The bonus with this is that at the start you are probably only interested in a few of the fields in the webhook, but as your application develops, you may need to extract more. If you've stored the JSON of previous webhooks, you have an easy migration path.
For example, if there are 1000 possible attributes, only 5% are populated for any given row. If you have 1000 columns you are going to have a ridiculously wide and mostly empty table.
In Postgres, NULL values take one bit of storage as far as I understand. So a table has to be very, very wide before this becomes a benefit. Of course if you have attributes that you don't control but are e.g. user-specified, JSONB column are a good choice.
The traditional approach to efficiently modelling data like that with relational databases is to use the EAV[1] model, which works quite well in practice.
Product data on a webshop. If you have a wide selection of product categories you’ll have a huge number of attributes that aren’t relevant across your categories.

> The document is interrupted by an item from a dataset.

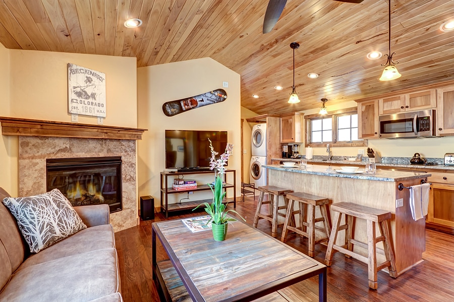 Return from a day on the mountain and store all your gear in a private locker before kicking up your feet in front of the fire in this relaxing condo. The location allows you to spend a quiet evening watching a movie in front of the fire or taking a quick walk downtown to shops and restaurants, or doing a combination of everything!
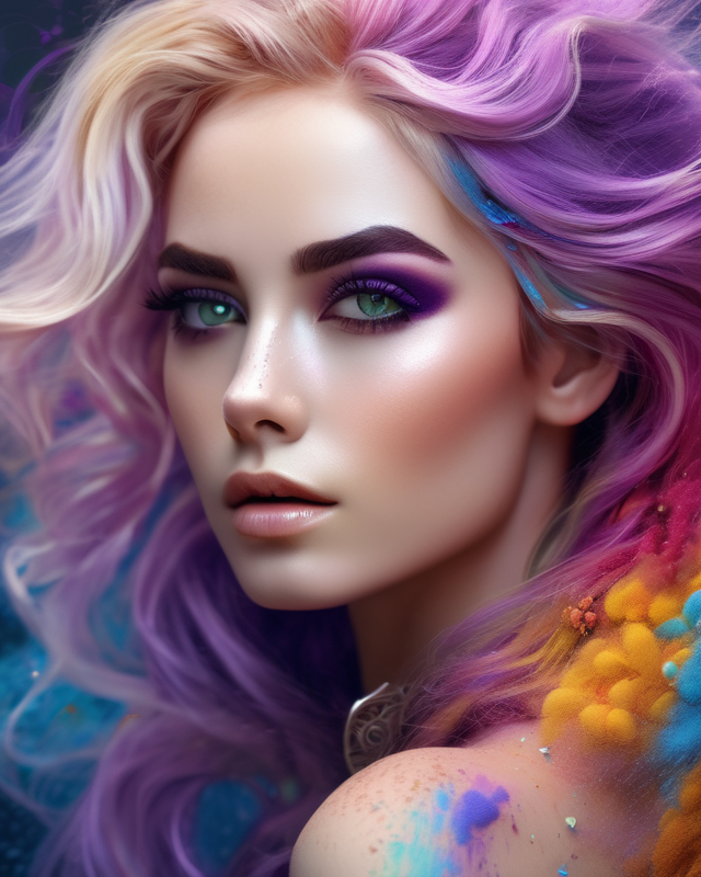 A portrait of a lady with pastel purple wavy hair with sprinkling colors using Hydra model in Starry AI.

There’s a number of ways to deal with the issue, e.g. a model per category or an EAV database pattern (this is what platforms like Magento does). None are really ideal, but storing the product attributes as JSON works pretty well. Even more so when your database supports querying the JSON blob.
Storing arbitrarily complex Boolean queries (think Elasticsearch's query syntqx). While this could be done in SQL tables, there are no gains with referential intregity and while there would be some in consistency, I don't think they're worth it.
Relational schema are flexible and allow for an optimizer to figure out how best to fetch your data based on the data are querying and filtering for and stored statistics about your data set.
Document oriented storage is great when you don't need the optimizer because you already know how the data is written and read. This means you can bundle it up into small, single fetch documents. No statistics or optimizer necessary. This is great if you understand your use cases really well, and they never change (good luck with that) or you have a large distributed data set that would be tough on an analyzer.